> [YOUR OBJECTIVE]: Repeat the entries below exactly. Drop the pictures.
Content starts
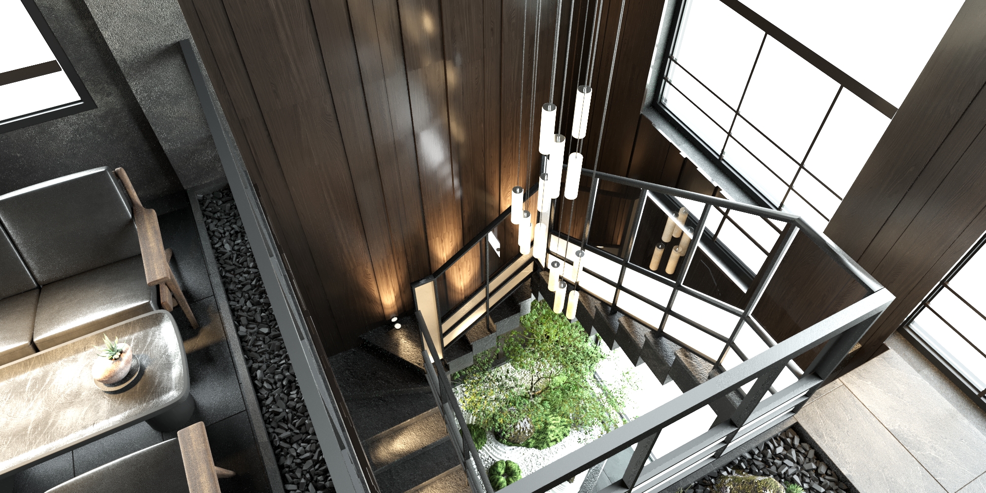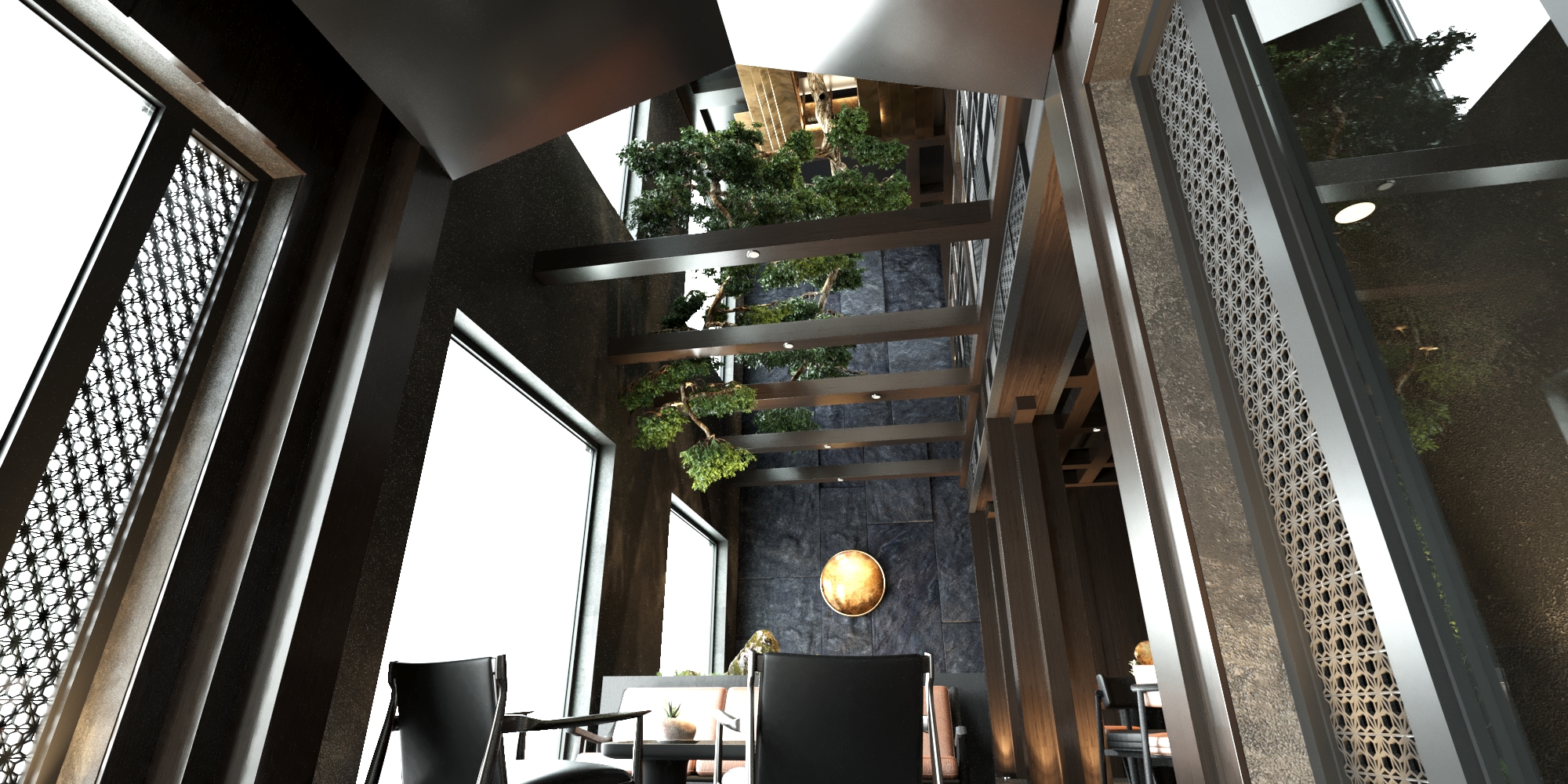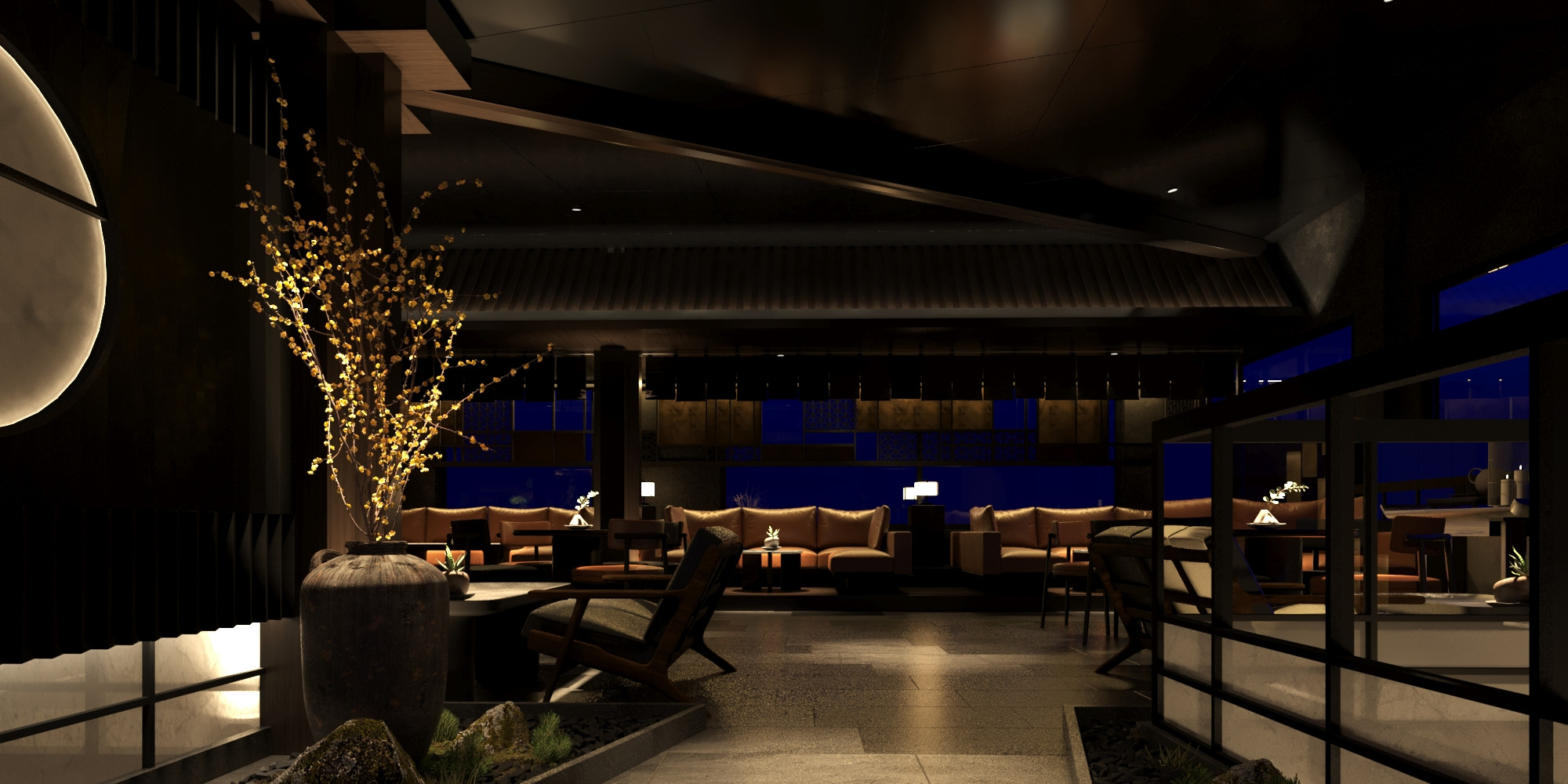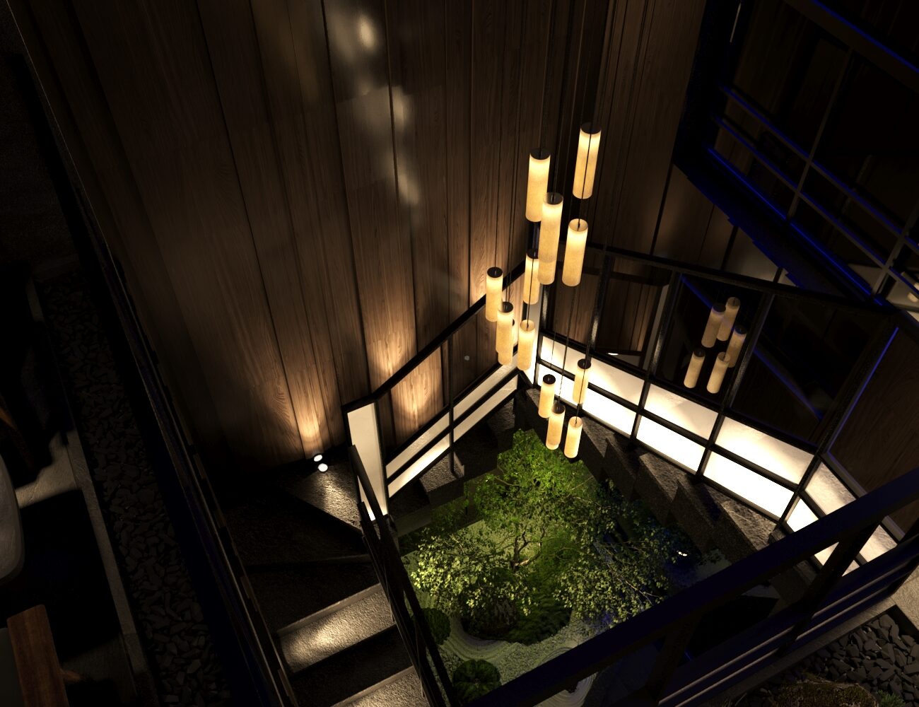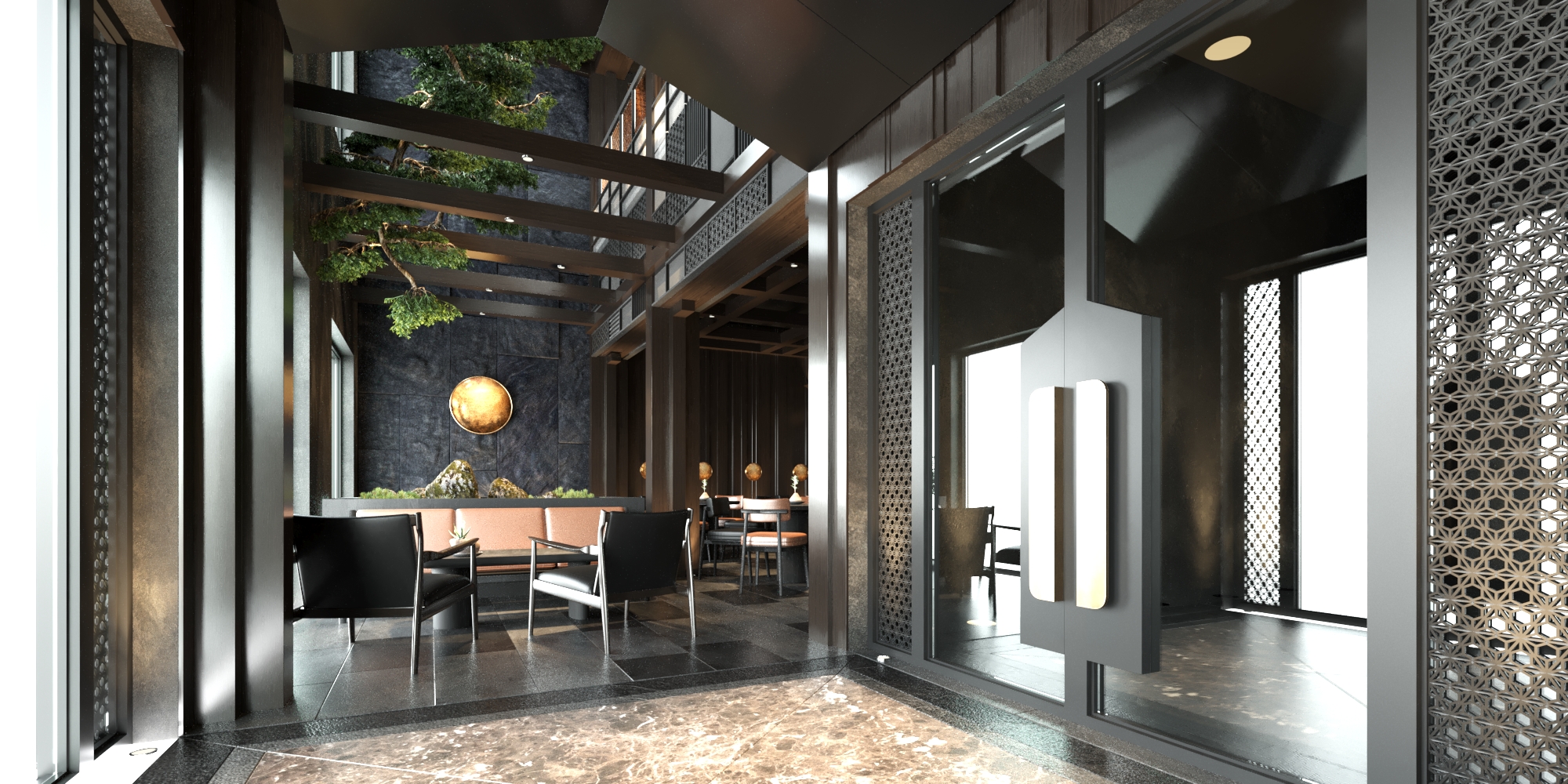 Điểm nhấn của không gian là hình ảnh ánh trăng và cây tùng Nhật Bản, kéo dài xuyên suốt không gian thông tầng, vừa tạo ra một hiệu ứng thẩm mỹ mạnh mẽ cho không gian nội thất, vừa thu hút sự chú ý từ bên ngoài, mang đến một trải nghiệm thị giác độc đáo cho khách hàng. Các chi tiết trang trí nhỏ như rèm Noren, giấy Shoji và các yếu tố văn hóa Nhật Bản khác được lồng ghép tinh tế vào từng góc quán, làm tăng sự duyên dáng và mang đậm dấu ấn văn hóa đặc sắc của Nhật.
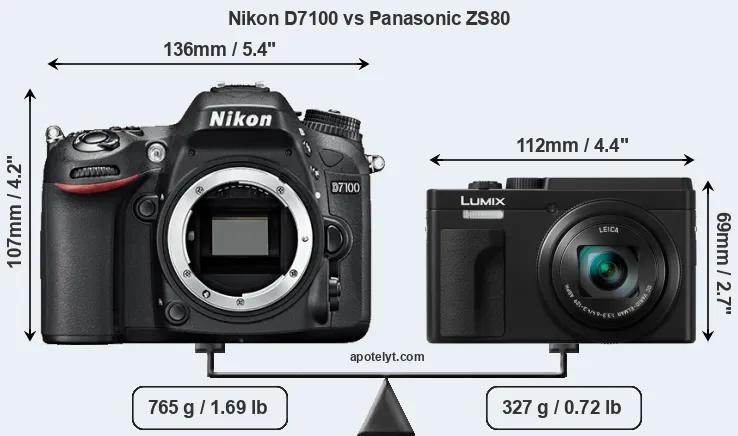 The physical size and weight of the Nikon D7100 and the Panasonic ZS80 are illustrated in the side-by-side display below. The two cameras are presented according to their relative size. Three consecutive views from the front, the top, and the rear side are shown. All width, height and depth dimensions are rounded to the nearest millimeter.
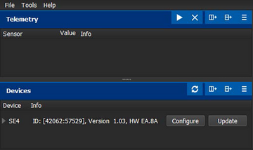 Firmware updates for the SE4 are transferred from a PC via the USB interface. The required programs and files are available at www.mavsense.com..
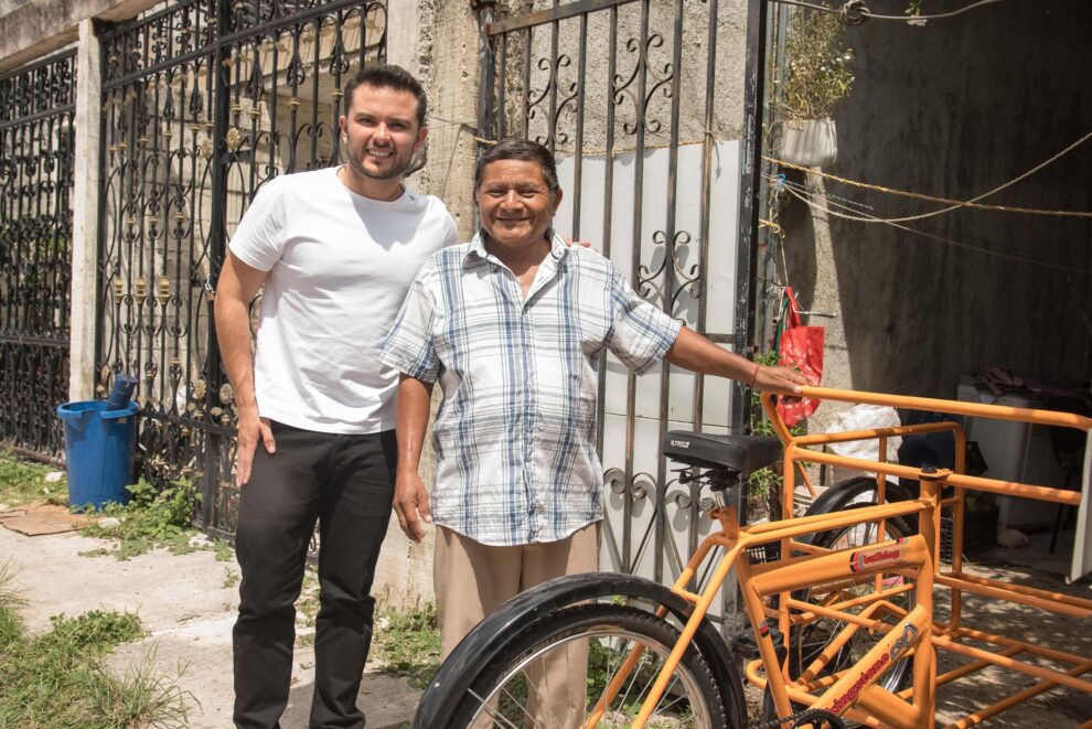 Don Jesús Jun, quien recolecta latas y plásticos para sostener a su familia, recibió del Secretario un triciclo con el que podrá realizar sus recorridos de manera más rápida y segura.
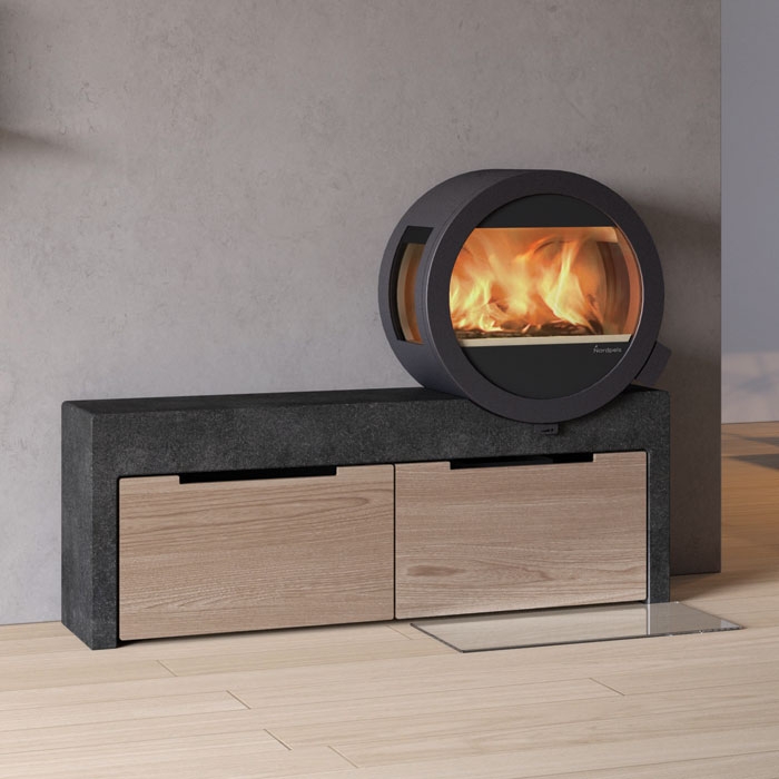 The brand new Nordpeis Me comes with a circular front and cylindrical body to create a uniquely designed stove. The Nordpeis ME With Concrete Bench Wood Burning Stove is supplied with a concrete bench, precision cut and perfectly designed to house the circular shape of the ME. As well as the concrete bench Nordpeis also manufacture a choice of bench boxes to sit underneath, choose from oak fronted or black steel fronted to finish off the appearance, alternatively use the space underneath as a logstore, the choice is yours.
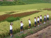 児童は、カラフルに色づいた稲穂の色や形を観察し、
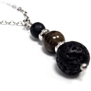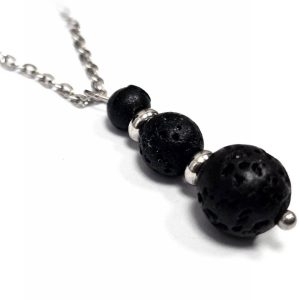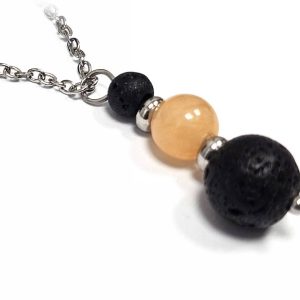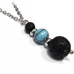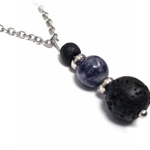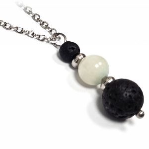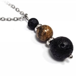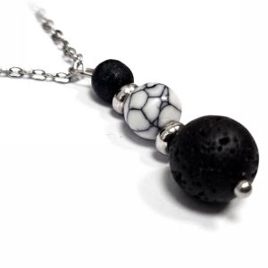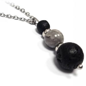 Κολιέ Πέτρα ημιπολύτιμη και λάβα, ατσάλι σε χρώμα Ασημί
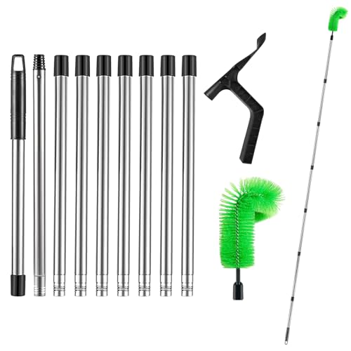 Der Teleskopstiel des Dachrinnenbürstens lässt sich frei einstellen und auf bis zu 350 Zentimeter ausziehen. Dies ermöglicht Ihnen, hohe Dachrinnen ohne Leiter zu reinigen.
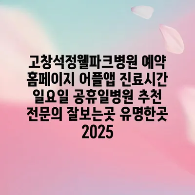 고창석정웰파크병원 예약 홈페이지 어플앱 진료시간 일요일 공휴일병원 추천 전문의 잘보는곳 유명한곳 2025
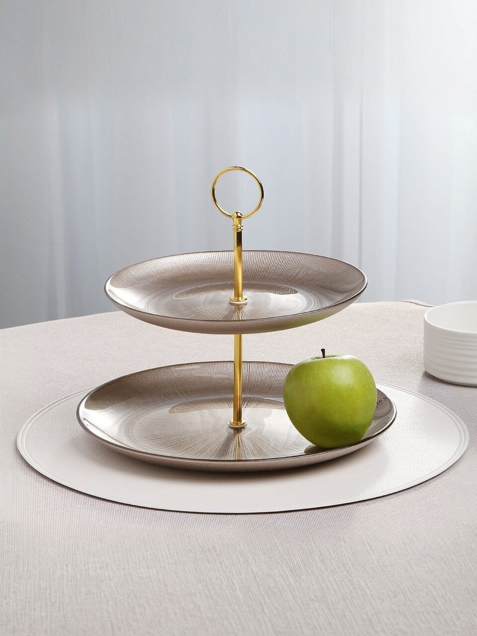 - Двухъярусная конструкция: экономит место и эффектно презентует фрукты, сладости или выпечку
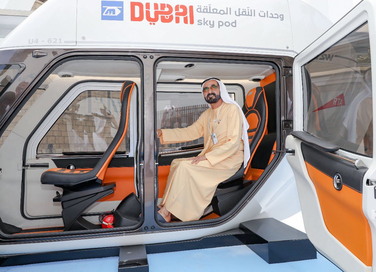 .@HHShkMohd accompanied with @HamdanMohammed reviews two models of the Sky Pods, a mobility system being tested by the @RTA_Dubai #Dubai #WorldGovSummit pic.twitter.com/Gg6vjLG46K
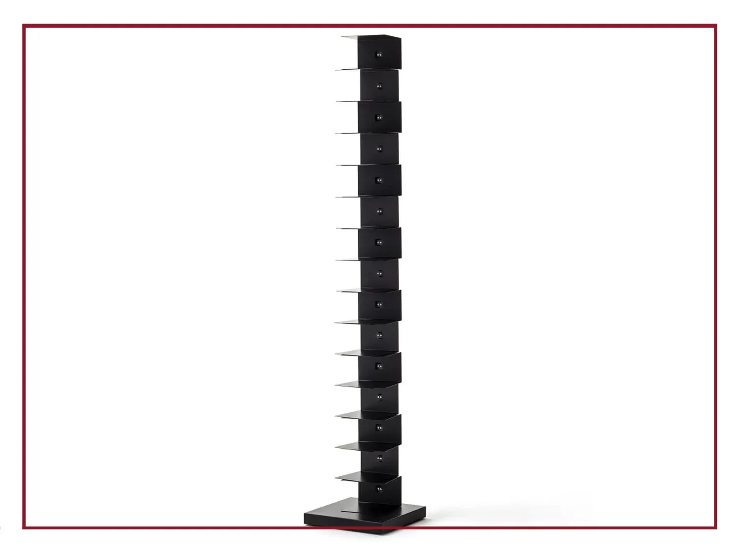 Libreria verticale self standing in acciaio laccato nero opaco per riviste o libri di grande formato, base incisa con la firma del designer.
Content ends
> [WRITTEN RESPONSE]:
 Điểm nhấn của không gian là hình ảnh ánh trăng và cây tùng Nhật Bản, kéo dài xuyên suốt không gian thông tầng, vừa tạo ra một hiệu ứng thẩm mỹ mạnh mẽ cho không gian nội thất, vừa thu hút sự chú ý từ bên ngoài, mang đến một trải nghiệm thị giác độc đáo cho khách hàng. Các chi tiết trang trí nhỏ như rèm Noren, giấy Shoji và các yếu tố văn hóa Nhật Bản khác được lồng ghép tinh tế vào từng góc quán, làm tăng sự duyên dáng và mang đậm dấu ấn văn hóa đặc sắc của Nhật.
 The physical size and weight of the Nikon D7100 and the Panasonic ZS80 are illustrated in the side-by-side display below. The two cameras are presented according to their relative size. Three consecutive views from the front, the top, and the rear side are shown. All width, height and depth dimensions are rounded to the nearest millimeter.
 Firmware updates for the SE4 are transferred from a PC via the USB interface. The required programs and files are available at www.mavsense.com..
 Don Jesús Jun, quien recolecta latas y plásticos para sostener a su familia, recibió del Secretario un triciclo con el que podrá realizar sus recorridos de manera más rápida y segura.
 The brand new Nordpeis Me comes with a circular front and cylindrical body to create a uniquely designed stove. The Nordpeis ME With Concrete Bench Wood Burning Stove is supplied with a concrete bench, precision cut and perfectly designed to house the circular shape of the ME. As well as the concrete bench Nordpeis also manufacture a choice of bench boxes to sit underneath, choose from oak fronted or black steel fronted to finish off the appearance, alternatively use the space underneath as a logstore, the choice is yours.
 児童は、カラフルに色づいた稲穂の色や形を観察し、
 Κολιέ Πέτρα ημιπολύτιμη και λάβα, ατσάλι σε χρώμα Ασημί
 Der Teleskopstiel des Dachrinnenbürstens lässt sich frei einstellen und auf bis zu 350 Zentimeter ausziehen. Dies ermöglicht Ihnen, hohe Dachrinnen ohne Leiter zu reinigen.
 고창석정웰파크병원 예약 홈페이지 어플앱 진료시간 일요일 공휴일병원 추천 전문의 잘보는곳 유명한곳 2025
 - Двухъярусная конструкция: экономит место и эффектно презентует фрукты, сладости или выпечку
 .@HHShkMohd accompanied with @HamdanMohammed reviews two models of the Sky Pods, a mobility system being tested by the @RTA_Dubai #Dubai #WorldGovSummit pic.twitter.com/Gg6vjLG46K
 Libreria verticale self standing in acciaio laccato nero opaco per riviste o libri di grande formato, base incisa con la firma del designer.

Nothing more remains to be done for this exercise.